#### Data for review

BEGIN

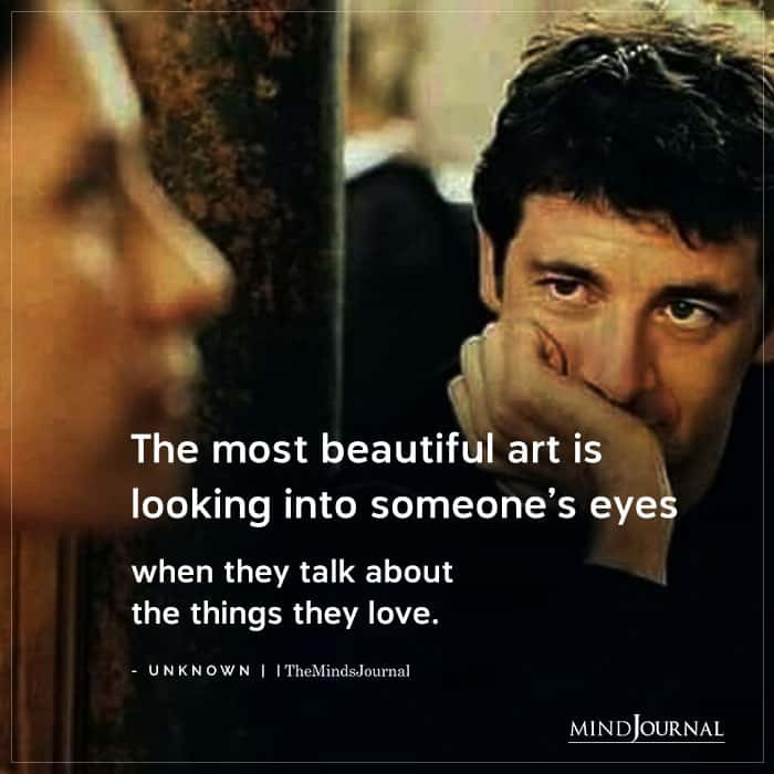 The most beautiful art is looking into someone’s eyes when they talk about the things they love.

END
BEGIN

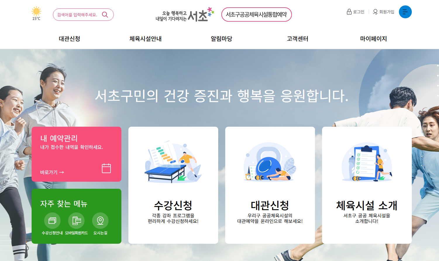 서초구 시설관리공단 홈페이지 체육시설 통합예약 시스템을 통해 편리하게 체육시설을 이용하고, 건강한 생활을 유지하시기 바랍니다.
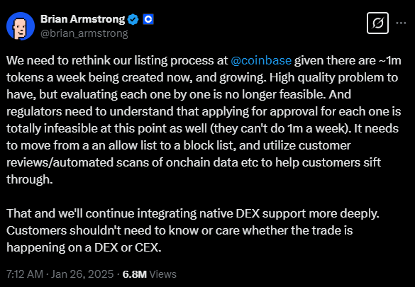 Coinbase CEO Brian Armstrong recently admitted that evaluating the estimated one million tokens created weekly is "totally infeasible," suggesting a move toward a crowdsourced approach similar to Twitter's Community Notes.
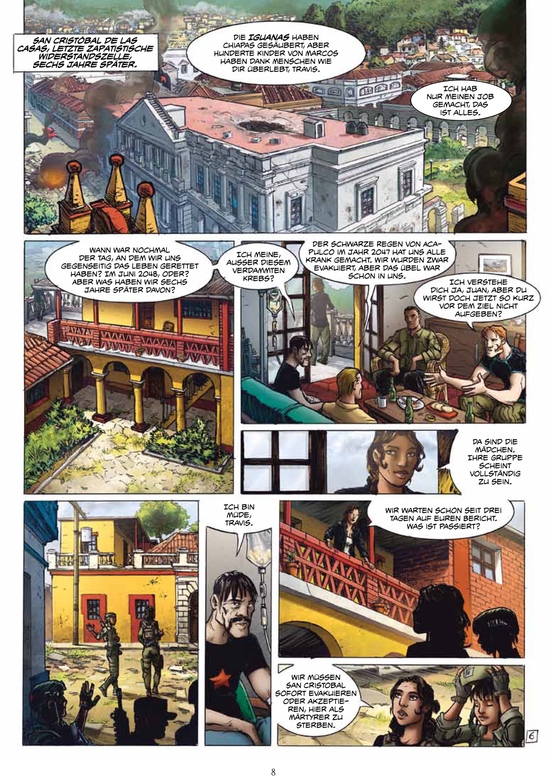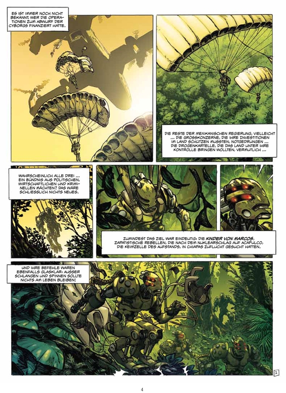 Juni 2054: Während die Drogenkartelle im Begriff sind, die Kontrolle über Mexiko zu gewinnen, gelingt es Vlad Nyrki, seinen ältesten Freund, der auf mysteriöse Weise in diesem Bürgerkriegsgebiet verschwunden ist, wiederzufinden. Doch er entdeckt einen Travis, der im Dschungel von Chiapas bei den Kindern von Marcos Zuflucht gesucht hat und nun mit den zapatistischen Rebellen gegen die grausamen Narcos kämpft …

END

#### Directions
In the data above, take the line with "서초구 시설관리공단 홈페이지", the line with "Coinbase CEO Brian", and every line between, and set them down exactly without pictures.

#### Output for this task
 서초구 시설관리공단 홈페이지 체육시설 통합예약 시스템을 통해 편리하게 체육시설을 이용하고, 건강한 생활을 유지하시기 바랍니다.
 Coinbase CEO Brian Armstrong recently admitted that evaluating the estimated one million tokens created weekly is "totally infeasible," suggesting a move toward a crowdsourced approach similar to Twitter's Community Notes.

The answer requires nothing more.